何処からか飛んで来た雷撃が、跳躍していたメイジに命中。撃墜されたメイジが床に落ち、同時にウォーロックも動けるようになる。

 

「今のは…」

 

ウォーロックが振り返ったその瞬間…

 

「ウェアァッ!!」

 

「きゃあ!?」

 

ウォーロックの真上をブレイドジョーカーが飛来し、オールオーバーでメイジに斬りかかった。

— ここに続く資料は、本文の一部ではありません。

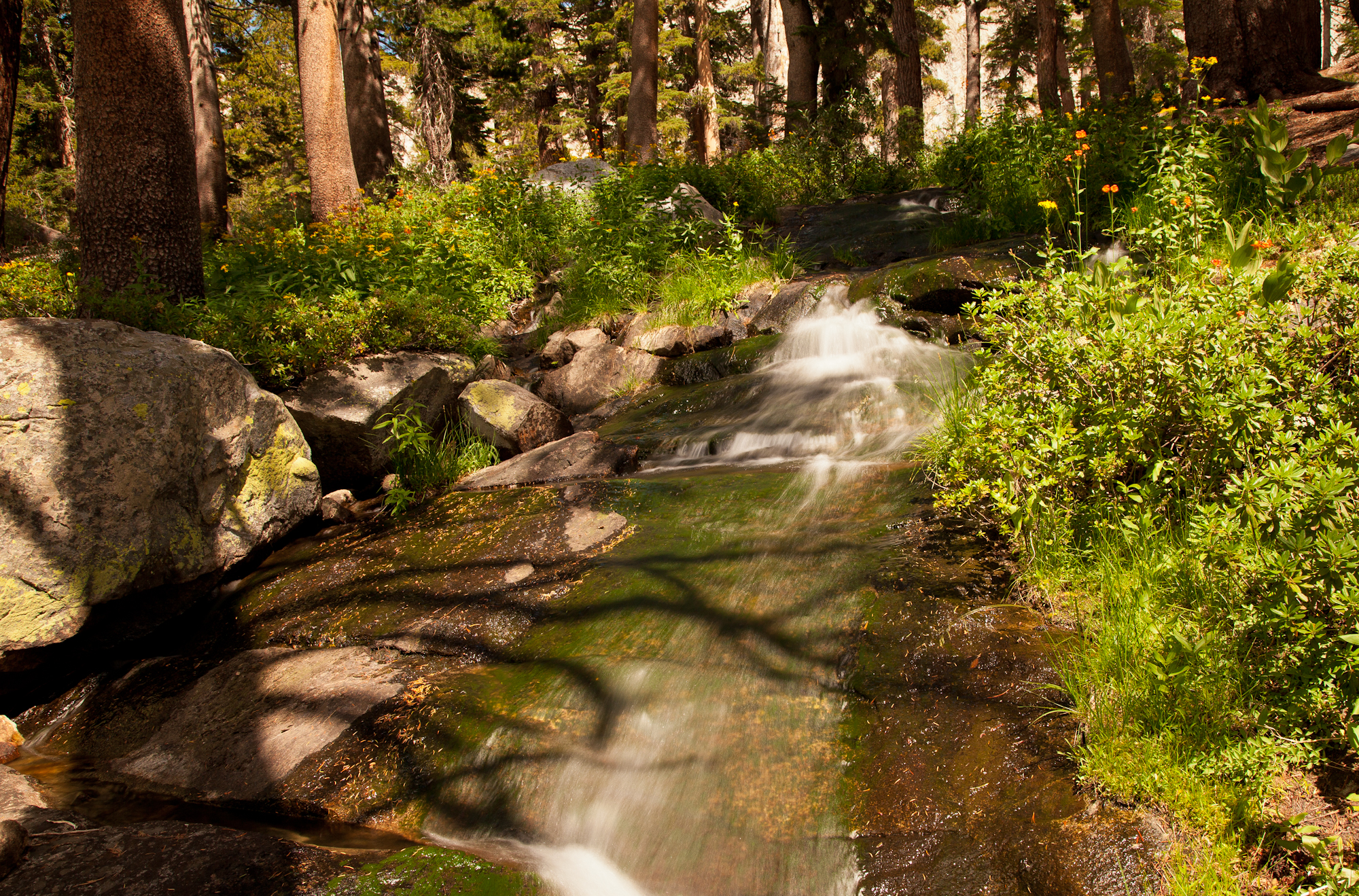 During our visit in August, a stream flowing out of the third lake was surrounded by a brilliant wildflower display.
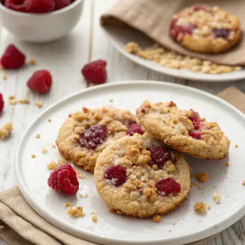 Raspberry Crumble Cookies are soft-edged, chewy-centered treats where a thick layer of fresh or frozen raspberries meets a tender vanilla cookie base, all crowned with a golden, nutty crumble topping. Unlike traditional drop cookies, these are baked in individual portions, which allows each one to develop a little pocket of jammy fruit right in the middle. The crumble isn’t just sprinkled on—it’s pressed gently into the batter so every spoonful delivers both texture and flavor. They’re not overly sweet, which makes the bright tang of raspberries shine through. Plus, because they’re portioned individually, they’re great for gifting or portion control (though we can’t promise how long they’ll last once you try them).

そのたった一撃がかなり強力なのか、倒れたメイジは受けたダメージの所為で上手く立ち上がれず、その間にブレイドジョーカーはシオマネキングやカーバンクルを片っ端から斬りつけていく。

 

「な、何だ!?」

 

「馬鹿な!? ジョーカーがもう一人いるだと!!」

 

「!? あれって…」

 

「!!!」

 

ケプリや蜂女がブレイドジョーカーを見て驚き、ヒートもブレイドジョーカーの姿に気付く。そしてその場で誰よりも一番驚いていたのは、他でもないカリスだった。

 

「まさか……お前なのか…?」

 

 

 

 

 

 

 

 

 

 

 

 

 

 

 

 

 

 

 

 

 

 

 

 

 

 

 

 

 

 

 

 

 

 

 

 

「剣崎…!!」

 

 

 

 

 

 

 

 

 

 

 

 

 

 

 

 

 

 

 

 

 

 

 

 

 

 

 

 

 

 

 

 

 

 

 

 

 

 

 

 

 

 

 

 

 

 

 

 

 

 

 

 

 

 

 

 

 

 

 

 

 

 

 

場所は変わり、風都のとある路地裏…

 

 

 

 

「うぁ、あ……ぁ…」

 

一人の女性が、力なく地面に倒れ伏していた。そんな彼女のすぐ近くでは…

 

 

 

 

 

 

 

 

 

 

 

 

 

 

 

 

「うぅ~む…………これまた実に、エキサイティングゥ~…!!」

 

 

 

 

 

 

 

 

 

 

 

 

 

 

 

 

薙刀を装備したファントムが、快楽に満ちた声を上げているのだった。